Catullo: Odio e amo


Gaio Valerio Catullo (85 a.C. – 54 a.C.) nato a Verona e morto a Roma, è considerato il più grande poeta lirico della letteratura latina. Il suo Liber (116 carmi di lunghezza diversa e di argomento vario) propone una poesia molto personale e con forti elementi autobiografici.

Fra i numerosi temi presenti nel libro, nel quale si trovano anche poesie scherzose e vivacemente polemiche e versi legati al mondo degli affetti familiari e dell’amicizia, prevale il tema dell’amore. Esso è presentato attraverso una vera e propria storia: il poeta canta una donna bella, libera e intelligente che nasconde sotto lo pseudonimo di Lesbia.

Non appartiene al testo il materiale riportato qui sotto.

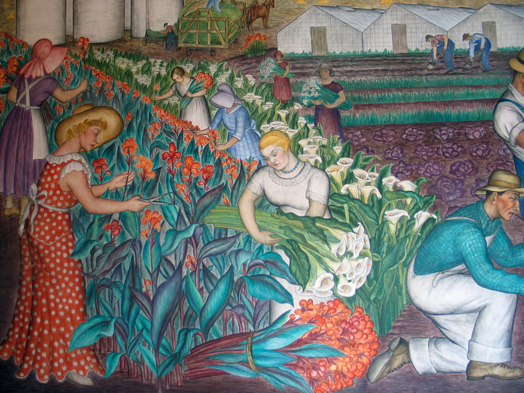Selected from an architectural competition, the tower was designed by Arthur Brown Jr, and Henry Howard. Constructed of unpainted concrete, inside there are 3,691 square feet of murals tell the story of the state of California during those Depression years. Mostly done in fresco, they were painted in a six month period in 1934 by a group of artists employed by the Public Works of Art Project, a New Deal federal employment programme for artists. They are quite remarkable but soon caused controversy. With a bitter longshoremen’s strike underway and the port closed, some members of the San Francisco Art Commission objected to what was described as ‘Communist symbols’ in some of the frescoes. The tower was padlocked and the windows whitewashed. The Chronicle used the headline: ‘Is This Red Propaganda? Murals on Coit Shaft Hint Plot for Red Cause.’ (Some of the artists were fans of Diego Rivera, who had visited the Bay Area a number of times, and whose mural the previous years the Rockefeller Centre in New York had been plastered over before completion when the artist refused to remove an image of Lenin.) The Artists’ and Writers’ Union picketed to protect the Coit murals from being destroyed. While some of the political symbols were allowed to remain - Bernard Zakheim's library scene showing a man pulling a copy of Karl Marx's Das Capital off a bookshelf can still be seen - the hammer and sickle included in Clifford Wight's work was chipped off the wall and an image of the radical newspaper ‘Western Worker’ in John Langley Howard’s mural painted over.
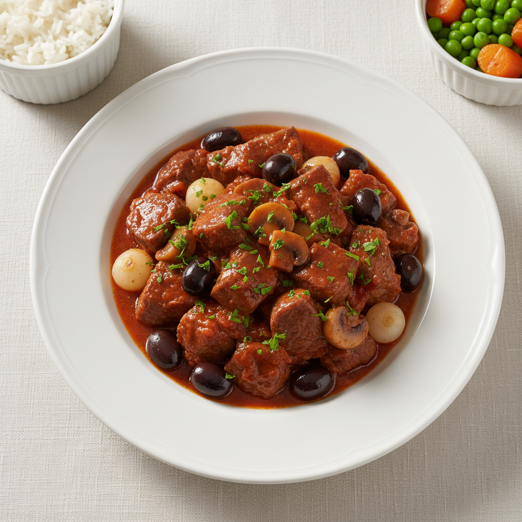 Un plat complet, nourrissant, fait maison sans artifice. Servez chaud avec du riz ou des pâtes fraîches, un verre de vin blanc sec. À préparer le week-end, parfait pour nourrir les siens avec des produits vrais et du temps passé en cuisine. Bon marché, belle assiette.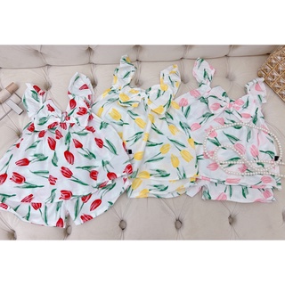 XẢ HÀNG Bộ cộc tay bé gái, bộ đũi áo cánh tiên hoa Tuylip nơ trước ngực cho bé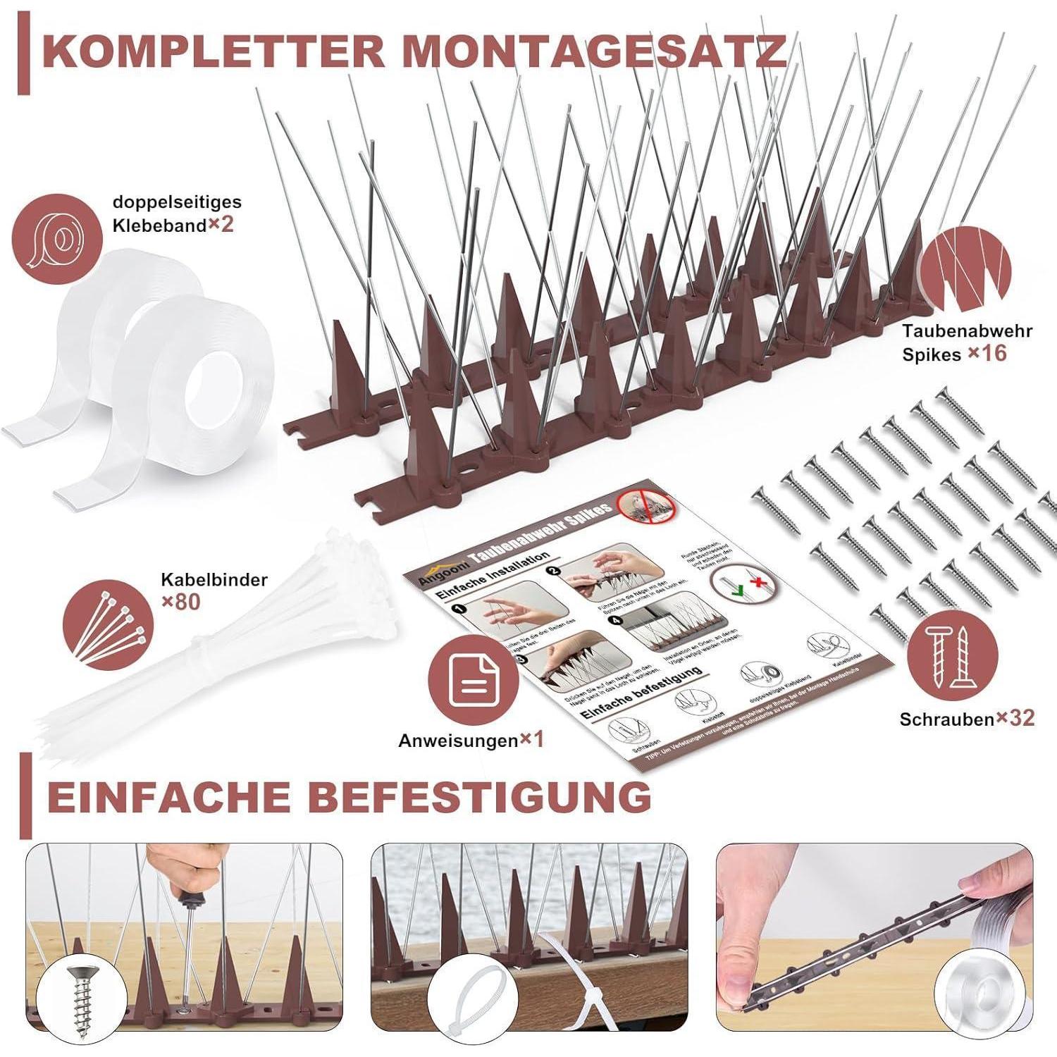 Der komplette Montagesatz enthält alles, was Sie für die Installation benötigen: Schrauben, doppelseitiges Klebeband und Kabelbinder. Mit den mitgelieferten Anweisungen ist die Montage ein Kinderspiel und in wenigen Handgriffen erledigt. Die Taubenabwehr Spikes sind stabil, witterungsbeständig und korrosionsbeständig, sodass sie auch im Freien zuverlässig ihren Dienst tun.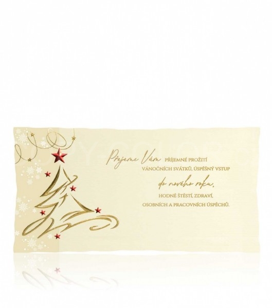 Základní novoročenka je BEZ TEXTU - Ukázkový text na grafickém znázornění slouží pouze jako ilustrace a není součástí ceny přání. Vyberte si variantu s potiskem a nechte si na novoročenku přidat vlastní text a logo – na přední i vnitřní stranu, přesně podle vašeho přání.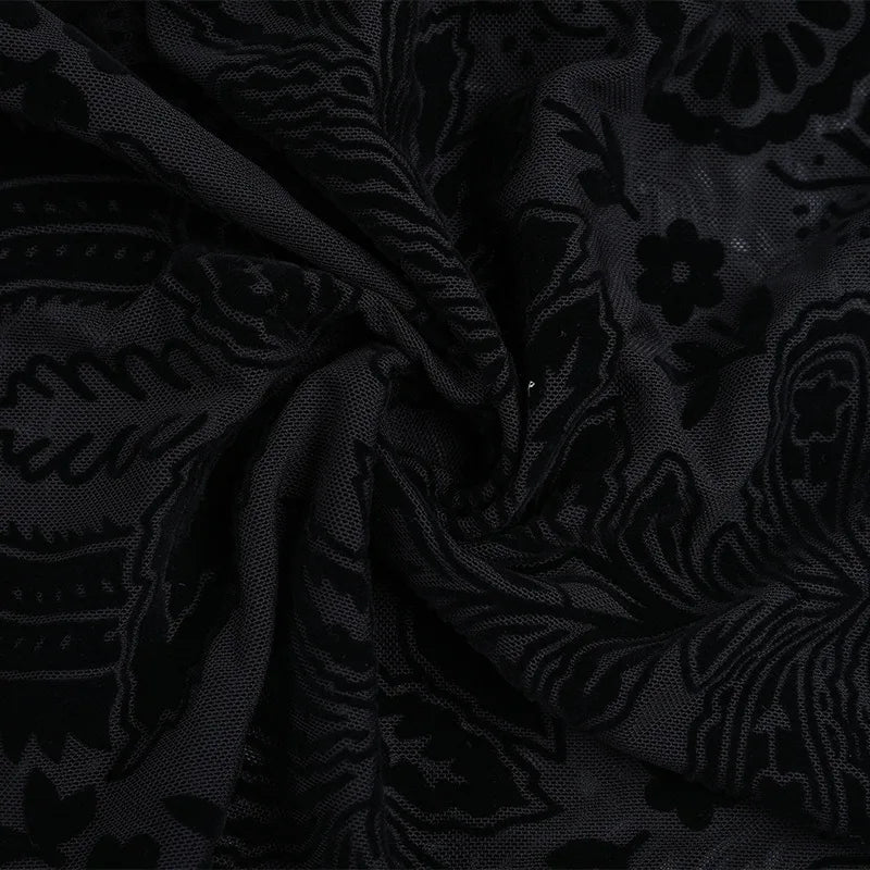 Gothic Romantic Goth Flocking Lace Batwing Sleeve Hooded Long Dress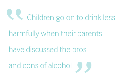 Instead, studies have shown that where parents actively discuss the pros and cons of alcohol and are open with their children about the effects of drinking and their concerns, there is less likelihood of children drinking riskily later in life.
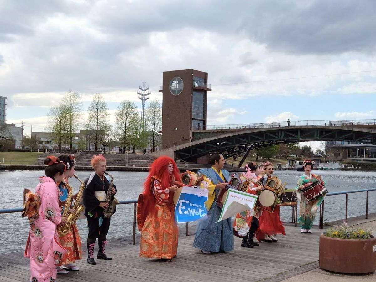 カラフルな一団とすれ違った。チンドンマンたちのパフォーマンスだった。あのレトロでどぎつい化粧のそれではなく、楽器も豊富で今風の大道芸人たちに見える。目と目が合うと、そこでパフォーマンスを披露してくれた。色のない公園に花が咲いてる感じだった。面白いなぁ。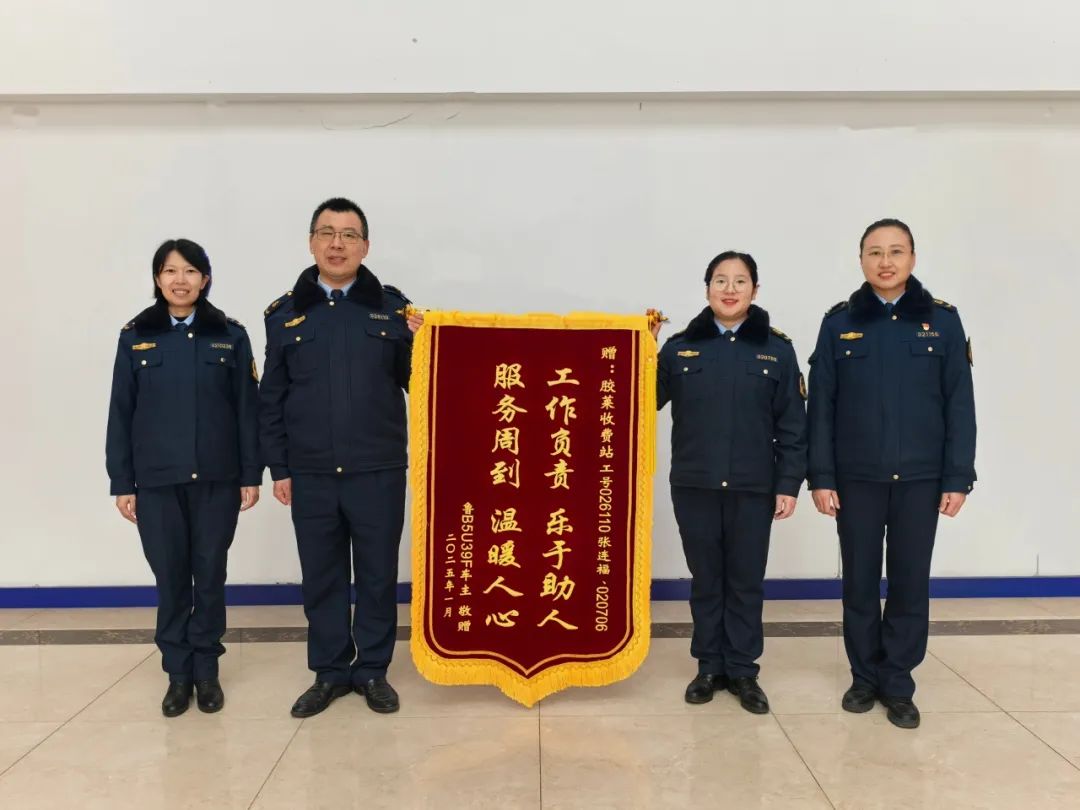 (图为胶莱收费站工作人员收到锦旗)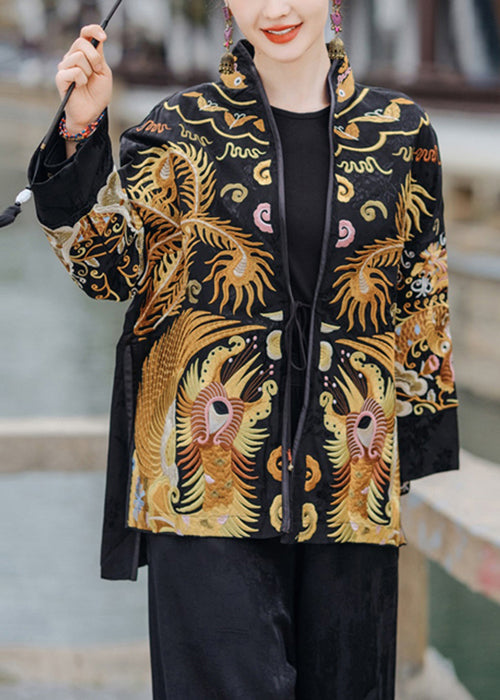 Chinese Style Yellow Embroidered Lace Up Silk Coats Spring Ada Fashion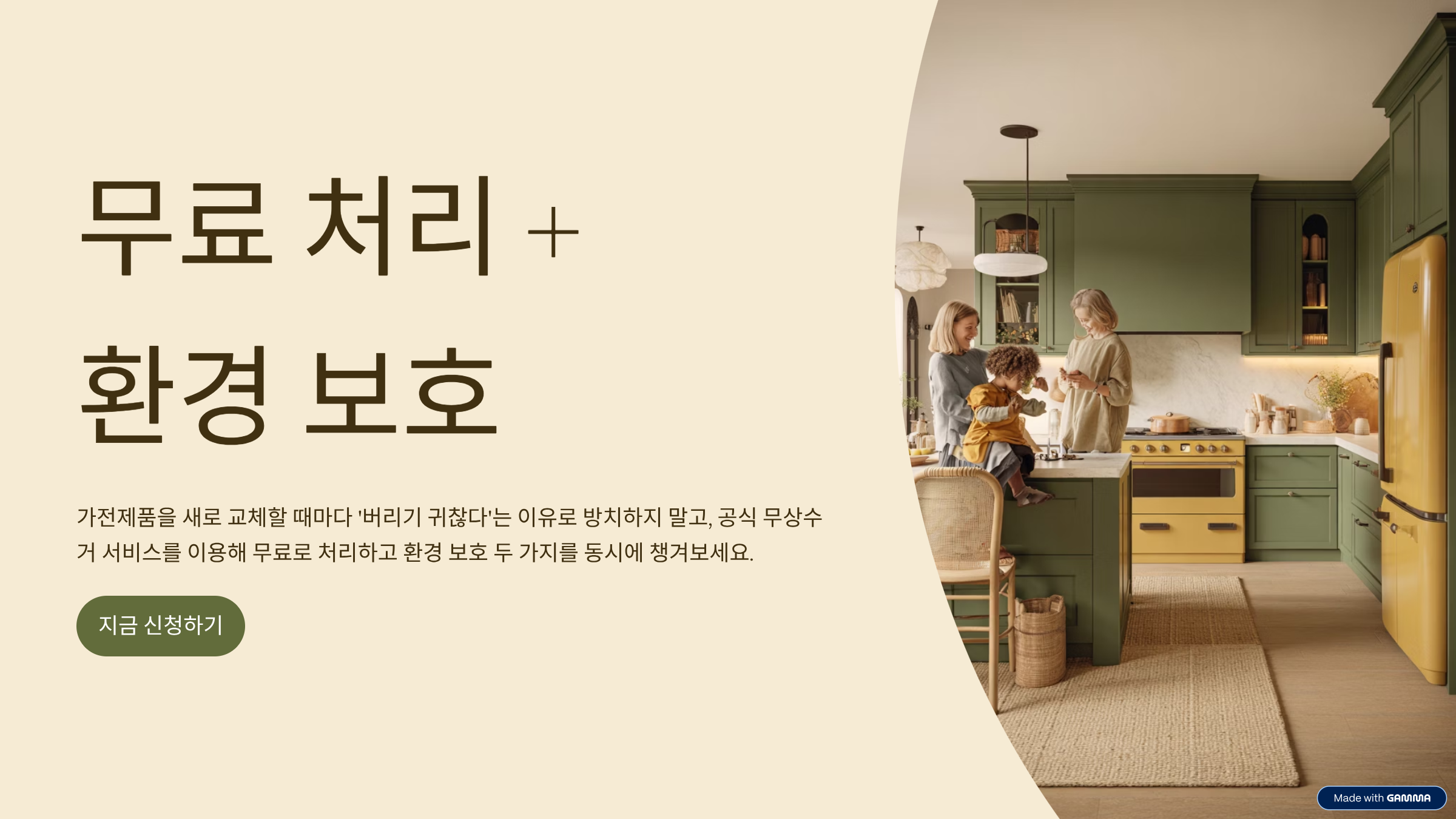 즉, 폐가전 무상수거 서비스는 가정의 불편 해소뿐 아니라 환경 보호에도 직접적인 기여를 하고 있습니다.

La storia d’amore passa attraverso le fasi di un innamoramento appassionato e quasi ingenuo, della passione, della delusione per l’infedeltà della donna amata, fino ad arrivare a un’amara preghiera agli dèi perché liberino il poeta da un amore sentito ormai come distruttivo.

Odio e amo

La brevissima poesia di Catullo che ho letto esprime in versi estremamente concentrati quello che spesso avviene in un rapporto d’amore difficile, e che è tanto complicato da dire anche usando moltissime parole: a volte si ama e si odia nello stesso tempo, e questo sentimento conflittuale fa soffrire.

L’immagine chiave è una metafora, la figura retorica centrale della poesia. Vengono sovrapposti due concetti: sofferenza psichica dell’innamorato e sofferenza fisica di un torturato. Per comprendere e gustare la metafora – “excrucior” significa letteralmente “sono in croce”- è necessario sapere che, nella cultura latina, la crocifissione era il tipo di supplizio a cui erano sottoposti gli schiavi condannati a morte.